Schokopudding
In unregelmäßigen Abständen werde ich hier Schreibübungen veröffentlichen. Und zwar lasse ich mir einen zufälligen Satz generieren und versuche daraus dann eine Geschichte zu spinnen. Ich wünsche mir selber gutes Gelingen. 😉
Das Glück liegt in den Tiefen des Schokoladenpuddings. Renate steht am Herd sinniert darüber, wie viele schöne Momente ihr Schokoladenpudding bisher beschert hat.

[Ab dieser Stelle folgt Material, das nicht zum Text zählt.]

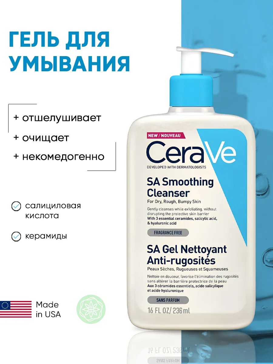 Гель для умывания лица и тела Cerave SA Smoothing Cleanser специально разработанная формула для профессионального ухода за сухой, огрубевшей, проблемной, неровной кожей. В состав смягчающей, очищающей умывалки входит салициловая кислота, которая благодаря своим антисептическим и бактерицидным свойствам подавляет воспалительные процессы, глубоко очищает поры, деликатно отшелушивает неровную кожу, придает ей свежую, светлую текстуру, ускоряет процесс обновления, снижает излишнюю жирность, борется со старением и улучшает кровообращение. Уникальность увлажняющего, средства кераве для умывания состоит в трех видах керамидов, из которых строится природная защита кожи. Они восстанавливают баланс, увлажняют, придают упругость, не вызывают шелушения и сухости. Разглаживающий, кислотный гель пенка цераве без сульфатов, отдушек, содержит только натуральные компоненты, гипоаллергенен, и подходит для ежедневного бьюти ритуала утром и вечером женщинам, мужчинам, подросткам, делая кожу ухоженной, гладкой и бархатистой.
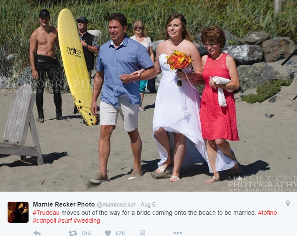 She says Trudeau was departing the beach when he realized he had stumbled into the path of a wedding procession, as the bride was walking down the aisle.

Nicht nur, dass er wunderbar schmeckt und sie immer wieder in ihre Kindheit katapultiert, an die sie sich gerne zurückerinnert, sie verbindet noch etwas sehr Neues mit ihrer Lieblingsnachspeise.

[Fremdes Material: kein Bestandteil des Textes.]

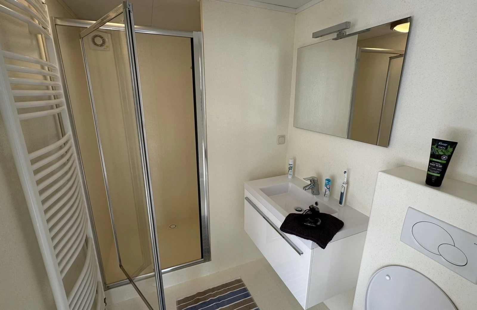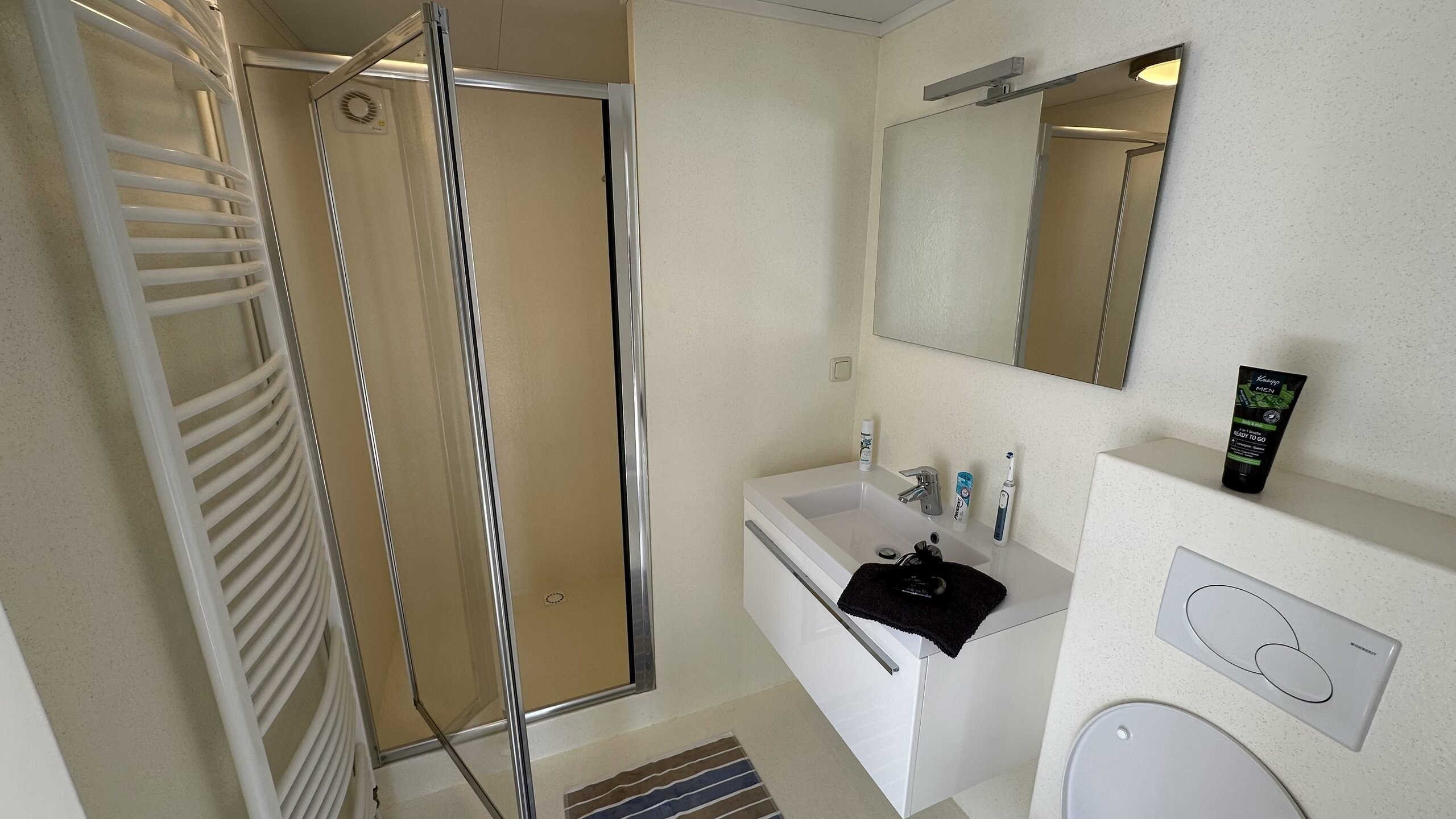 - Geräumiges Badezimmer mit Dusche, Toilette und luxuriösem Waschtisch

Nach ihrer Scheidung, die sie viel Geld gekostet hatte und ihr graue Haare beschert hatte, lernte sie Wolfgang kennen. Er war ihr eines nachmittags beim Einkaufen im örtlichen Supermarkt über den Weg gelaufen. Aufgefallen war er ihr, weil er auffällig viel Schokoladenpudding in seinem Einkaufswagen liegen hatte. Entweder hatte er eine große Familie oder er war genauso süchtig danach wie sie. An der Kasse standen sie hintereinander an und als er ging, lag sein Portemonnaie auf dem Boden hinter der Kasse. Rufen und Hinterherlaufen schlugen fehl. Glücklicherweise hatte er mehrere gleichlautende Visitenkarten in der Geldbörse, so dass sie davon ausging, dass es seine Nummer war, die sie gleich wählen würde. Er hatte den Verlust schon bemerkt und sich geärgert. Zum Dank für ihre Ehrlichkeit lud er sie zu einem Stück Kuchen und einem Kaffee ein und rückblickend dachte sie, dass es zu diesem Zeitpunkt schon gefunkt haben musste.

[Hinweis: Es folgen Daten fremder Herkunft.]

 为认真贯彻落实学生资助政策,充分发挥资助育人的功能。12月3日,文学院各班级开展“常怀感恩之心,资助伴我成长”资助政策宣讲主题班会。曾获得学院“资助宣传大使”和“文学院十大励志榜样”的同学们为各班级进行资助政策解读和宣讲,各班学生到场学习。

Sie saßen vier Stunden bei erkaltendem Kaffee und den Resten des aufgegessenen Kuchens beisammen und erzählten sich Dinge, die sie normalerweise keinem Fremden je erzählt hätten. Von seiner unglücklichen Ehe mit einer chronisch eifersüchtigen Frau, “normalerweise gehe ich nicht einfach mit fremden Frauen Kaffee trinken…” oder von ihrer gerade durchgeführten Scheidung. Etwas sagte ihnen, dass sie Nummern austauschen sollten und ehe sie groß drüber nachdenken konnten, war es auch schon geschehen. Von da an schrieben sie sich täglich, er heimlich tagsüber, wenn seine Frau es nicht mitbekam, sie ganz offen, denn sie hatte ja niemanden, den sie hintergehen konnte. Irgendwann war der Punkt gekommen, an dem er es auch nicht mehr verheimlichen wollte. Zu groß war seine Sehnsucht nach Renate, also fasste er sich ein Herz und beichtete seiner Frau, dass er sich in eine andere verliebt hatte. Erwartungsgemäß flippte sie komplett aus und drohte ihm, ihn fertig zu machen. Kurze Zeit später flatterte ihm eine Anzeige wegen häuslicher Gewalt ins Haus, die er aber glücklicherweise ziemlich schnell abwenden konnte.
Die Monate zogen ins Land, die beiden Verliebten merkten täglich, dass ihre Liebe immer tiefer wurde und dass er die richtige Entscheidung getroffen hatte. Eines Tages, an ihrem ersten Jahrestag, gingen sie im beliebtesten Restaurant der Stadt essen. Zum Nachtisch gab es natürlich Schokoladenpudding, was auch sonst? Als Renate mit ihrem Löffel zum unteren Rest des köstlichen Desserts kam, stieß dieser auf etwas Hartes, was sich als Verlobungsring entpuppte. Keine Frage, sie überlegte keine Sekunde, ehe sie ja sagte, Wolfgang um den Hals fiel und in Freudentränen ausbrach. Kurze Zeit später wurde die Scheidung vollzogen, so dass Renate und Wolfgang kurze Zeit später zu zweit im romantischen Rathaus ihres Wohnortes heiraten konnten.
All diese Gedanken zaubern ihr ein Lächeln ins Gesicht, während sie das Dessert anrührt und sich daran erfreut, dass Wolfgang und sie sich mit ihrem großen Traum, einem eigenen Restaurant, selbständig gemacht haben.